Recent studies suggest that tree-mediated methane emissions have the potential to offset the soil methane sink and may convert the forest from a net sink to a net source. However, tree-mediated CH₄ emissions represent an uncertain pathway of the total CH₄ flux from forested ecosystems. We measured the stem CH₄ fluxes from Alnus japonica in a riparian wetland of a temperate forest for a year using automated chambers. Three mature Alnus japonica trees grown naturally in the riparian wetland were selected for this study. Dissolved CH₄ concentrations in groundwater at two depths beneath each tree were measured biweekly. The sap flux for each tree was measured with Granier-type sensors.

The stem CH₄ fluxes seasonally vary, showing summertime maxima and wintertime minima. The stem CH₄ fluxes positively correlate with dissolved CH₄ concentration in groundwater beneath the trees. In addition, stem CH₄ emissions were observed when the sap flux diminished during the defoliation period. These results indicate that CH₄ in the rhizosphere is transported in the gaseous form through intercellular space in trees.
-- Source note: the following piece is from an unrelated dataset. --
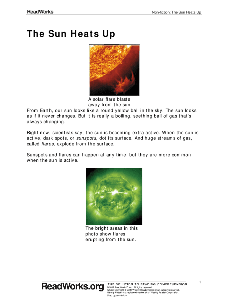 Nonfiction: The Sun Heats The Sun Heats UPA solar flare blasts away from the sun From Earth, our sun looks like a round yellow ball in the sky. The sun looks as if it never changes. But it is really
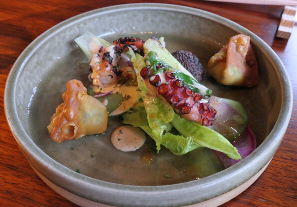 ●真蛸の炭火焼きサラダに、パリパリの食感が心地よい揚げ海老ワンタン。

On the other hand, CH₄ transport by sap flux also likely exists based on our observations; stem CH₄ fluxes showed diurnal variation. We also observed that rainfall caused a clear increase in the stem CH₄ emissions. Temporal changes in the groundwater flow paths by rainfall would have affected the belowground CH₄ concentrations and the stem CH₄ flux. Dynamic changes in soil environmental conditions (soil temperature, groundwater flow) controlled dissolved CH₄ concentrations in groundwater, thus, stem CH₄ flux. Our findings highlight the need for continuous stem CH₄ flux measurements to better understand the controlling factors and future response of CH₄ dynamics in forests to climate change.